Парадная лестница выходит в холл. Если пройти прямо, огромные двери ведут прямо во двор. Но вместо этого Итон сворачивает в коридор, проходит насквозь огромную столовую, зал для танцев, комнаты для прислуги. Сначала это комнаты самых важных слуг. Дворецкий, главная экономка, наконец, дворцовый врач. Итон определяет, что внутри кто-то есть и едва не сталкивается с мужчиной, который быстрым шагом идёт по коридору. Человек. Ещё один человек. Как минимум, семьдесят процентов.

Итон заходит в комнату, из которой он вышел и видит девушку, лежащую на кровати. Выглядит она как человек, но по ключевым признакам совпадений нет.

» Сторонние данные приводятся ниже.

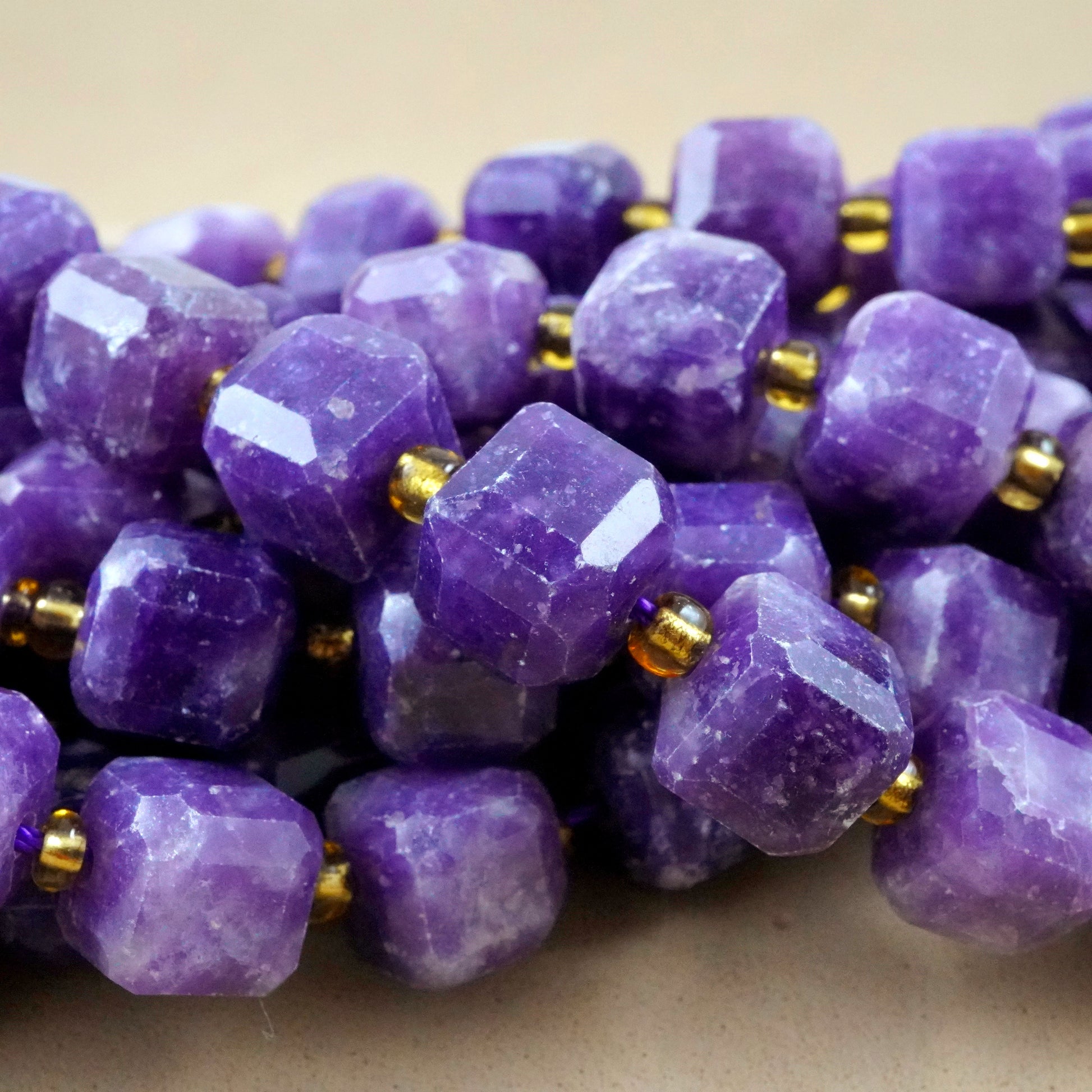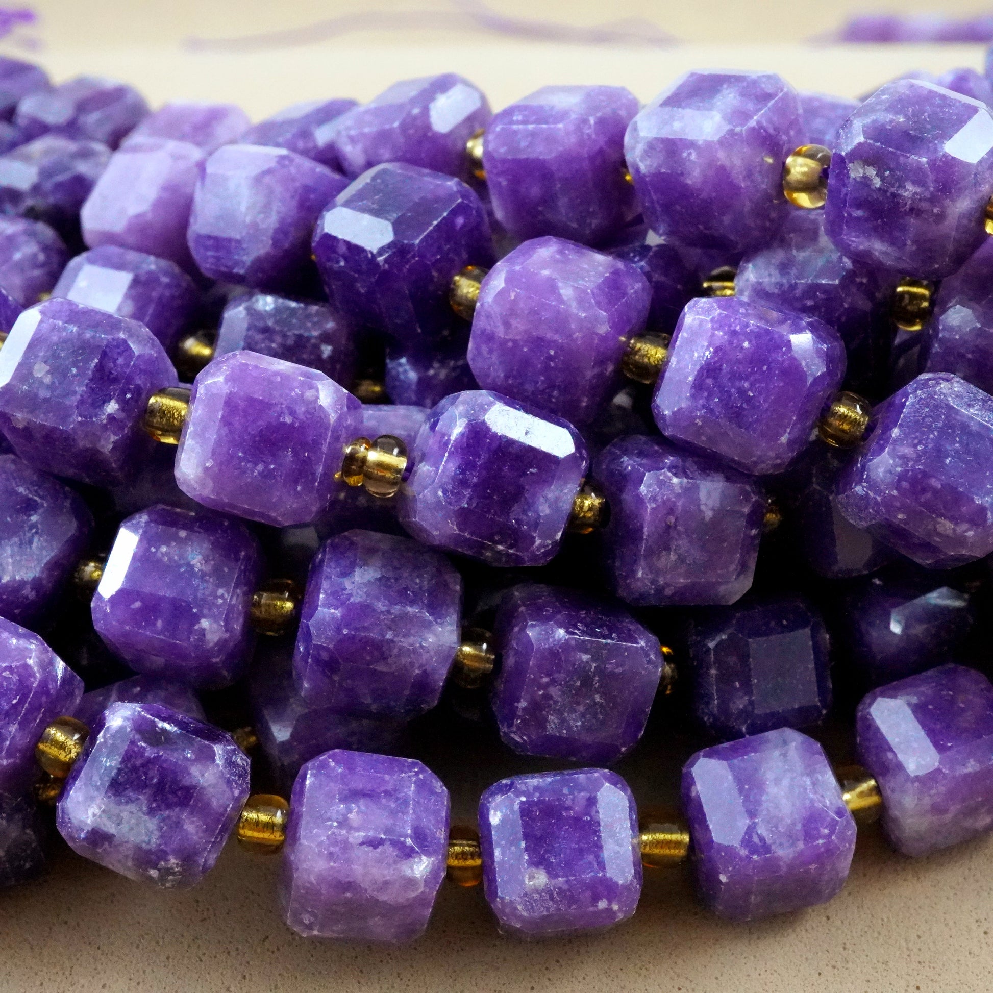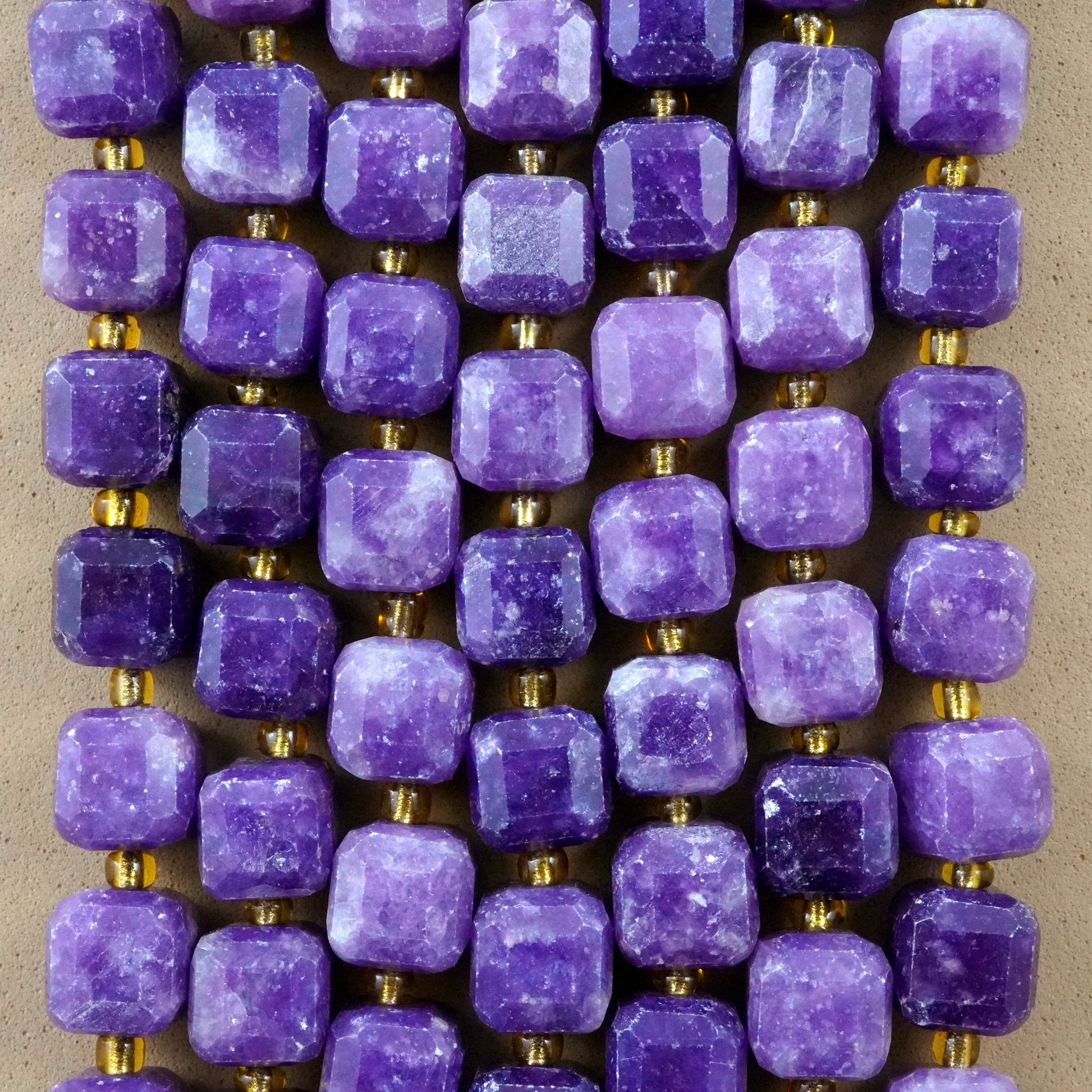 Lepidolite is a beautiful and unique gemstone that is known for its lilac, pink, and purple hues. It is a type of mica mineral that contains lithium, which gives it a calming and soothing energy. When cut into cube beads, lepidolite creates a charming and delicate look that is perfect for adding a subtle touch of color to any jewelry design. The cube-shaped facets of the beads reflect light in a soft and gentle manner, highlighting the stone's natural beauty and giving it a delicate and feminine appearance. Lepidolite is also a relatively soft gemstone, with a hardness rating of 2.5 to 3 on the Mohs scale, which makes it easy to cut and shape into various forms, including cube beads. Overall, lepidolite in faceted cube bead form is a pretty and versatile gemstone that is ideal for creating feminine and delicate jewelry pieces.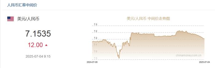 中新网7月4日电 据中国外汇交易中心网站消息,中国人民银行授权中国外汇交易中心公布,2025年7月4日银行间外汇市场人民币汇率中间价为:1美元对人民币7.1535元,下调12个基点。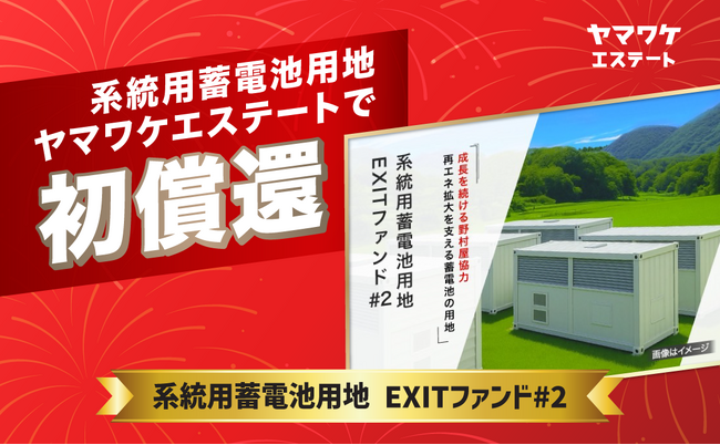 不動産クラウドファンディングサービスを展開する「ヤマワケエステート株式会社」(本社:大阪府大阪市、代表取締役:梅本 拓磨、以下当社)は、当社がファンドを組成した 『系統用蓄電池用地 EXITファンド#2』 がヤマワケエステート初の償還及び配当が完了したことをお知らせいたします。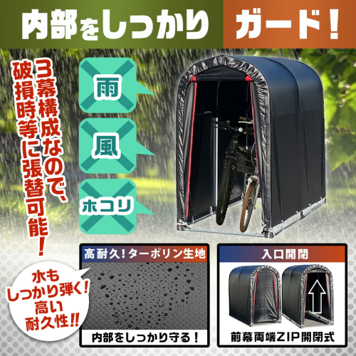 パイプ車庫の実績と性能をそのままサイクルハウスに応用しました。自転車やバイクはもちろん、お子様の乗り物やおもちゃの収納、ガーデニング用品の収納にもとても便利なサイクルハウスの張替用の幕(天幕・前幕・後幕)とケーブルタイの4点セットです。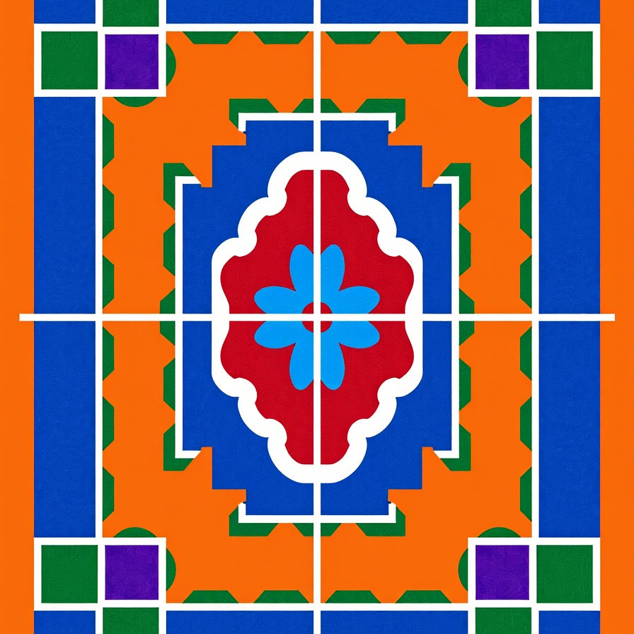 Eclectic Mosaic Welcome Displaying Kaleidoscope Blocks(Orange)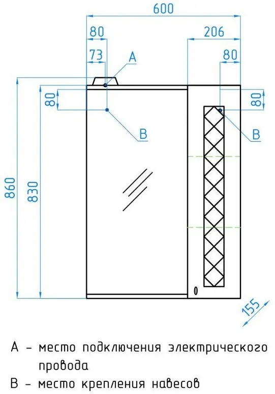 | Расположение полок/шкафчиков | Полки снизу, Шкафчик справа |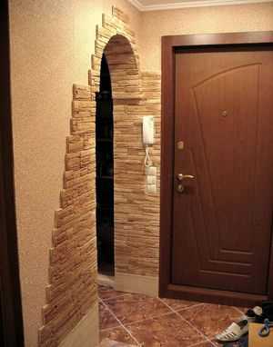 В последнее время очень стильным стало оформление дверных проемов декоративным камнем. При этом несмотря на отсутствие двери, это довольно дорогой способ. Установка камня требует наличия определенных навыков и опыта.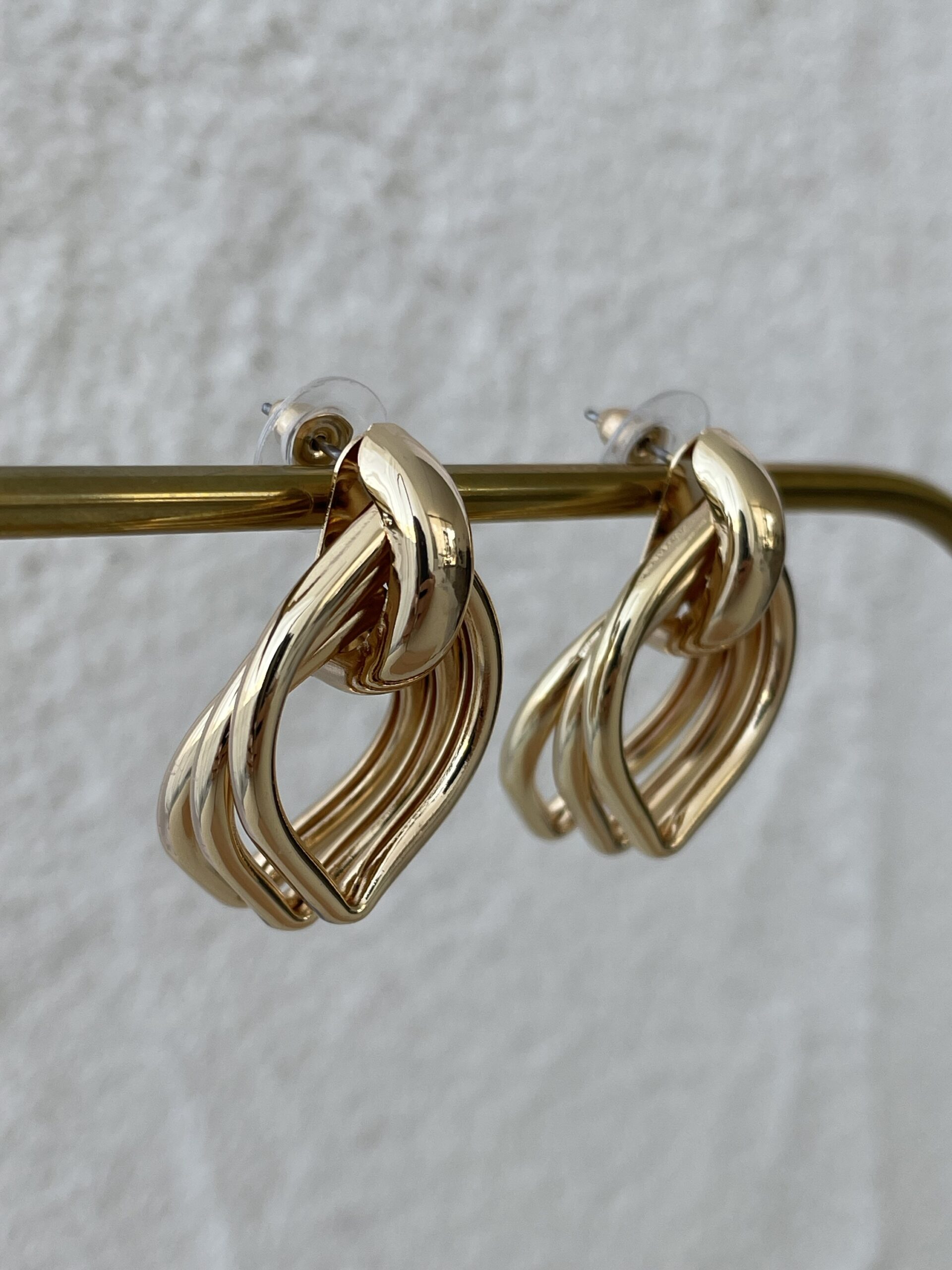 Özel Seri Damla Tasarım Üçlü Gold Küpe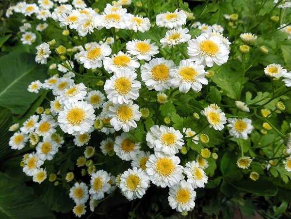 Пиретрум девичий (Pyrethrum parthenium) Цветочки белые с желтой серединкой, они могут быть как простыми, так и махровыми. Самые популярные сортовые разновидности – «Даль Уайт» с белыми пуговицеподобными цветочками, а также «Гольдбаль» с махровыми желтыми соцветиями.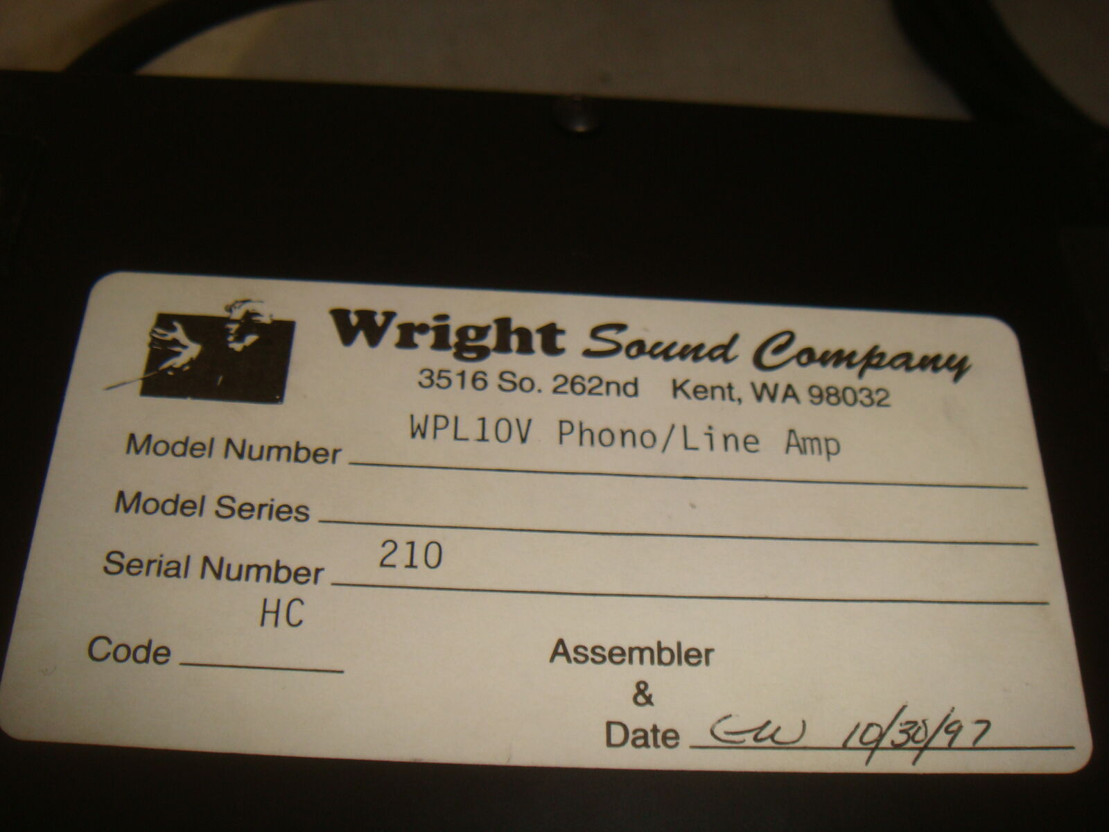 WRIGHT SOUND COMPANY WPL10V PHONO STAGE PREAMP WITH SPS04 TUBE POWER SUPPLY & A SELECTION OF TUBES. These are used with a few minor surface marks and signs of use, but are in overall excellent condition! They work beautifully and come with a selection of tubes one can try with it. These are rare and hard to find. Sonically wonderful Preamp built by George Wright. All Tube.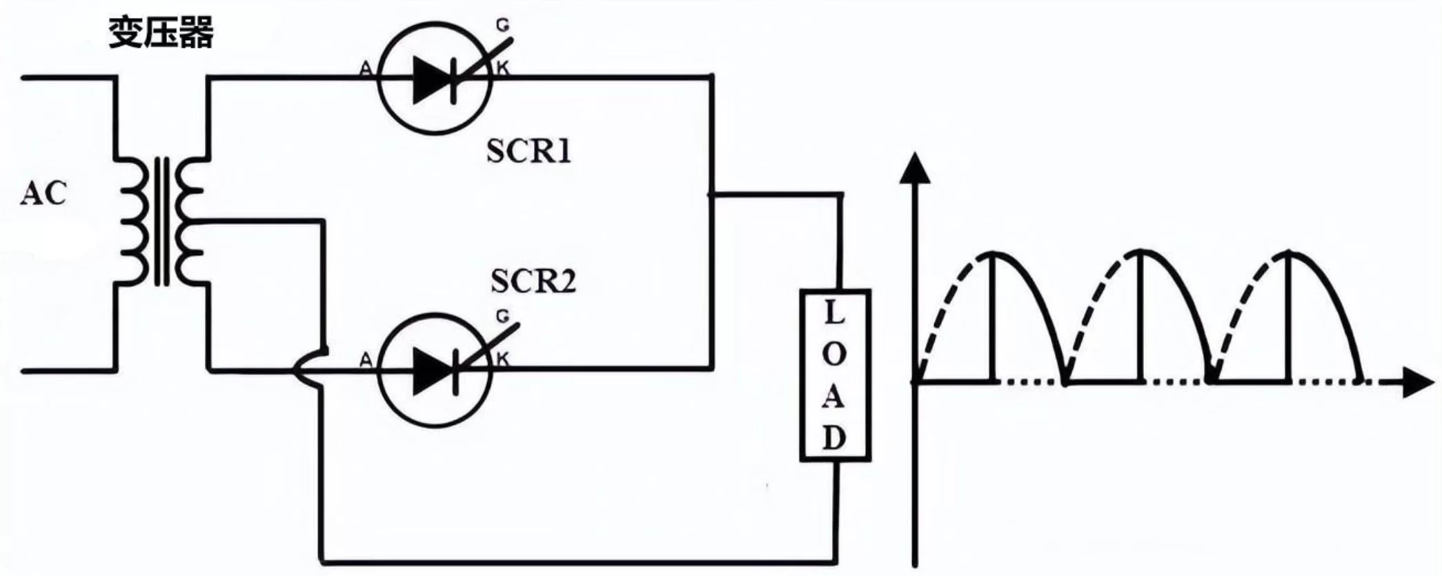 - 没有电流流入栅极,晶闸管关断,阳极和阴极之间没有电流流动。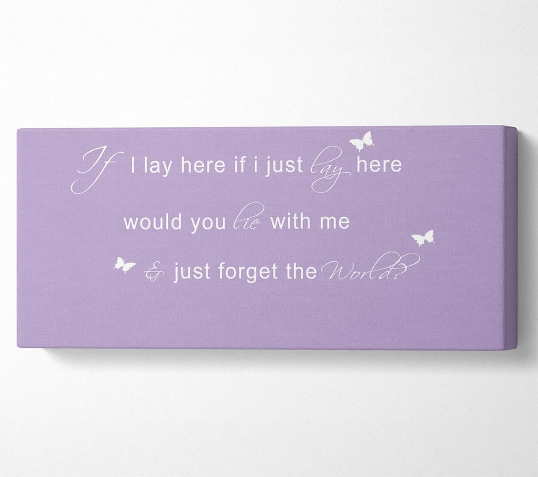 Music Quote If I Lay Here Snow Patrol 2 Lilac canvas, printed on coated polyester canvas. Mounted on to a 44mm box frame, ready to hang.

В то же время Итон думает, что никогда в жизни не видела более странной девушки. Одна часть её мозга утверждает, что девушка уродлива, другая, что она удивительно красива. Итон ненавидит противоречия и встряхивает головой, пытаясь избавиться от навязчивой мысли. С некоторых пор парадоксы вызывают у неё мучительные спазмы, которые очень уж похожи на человеческую мигрень.

- Красива-уродлива, красива-уродлива, - бормочет Итон.

Лори поворачивает лицо в её сторону.

- Что ты говоришь? - и тут же понимает, что следовало задать более уместный вопрос: - Кто ты?

Нежный голос Лори почему-то делает её немного более красивой, и Итон мгновенно перестаёт мучить головная боль. Итон преисполняется благодарности к Лори. Её не смущает даже то, что на подушке девушки сидит огромная белая бабочка.

- Я Итон, - говорит она.

- А я Лори. Ты не видела юношу, который выходил отсюда? Я жду, когда он вернётся.

- Он прошёл мимо меня, - говорит Итон.

Лори хихикает.

- А ты смешная. Голос, такой странный. Можно я...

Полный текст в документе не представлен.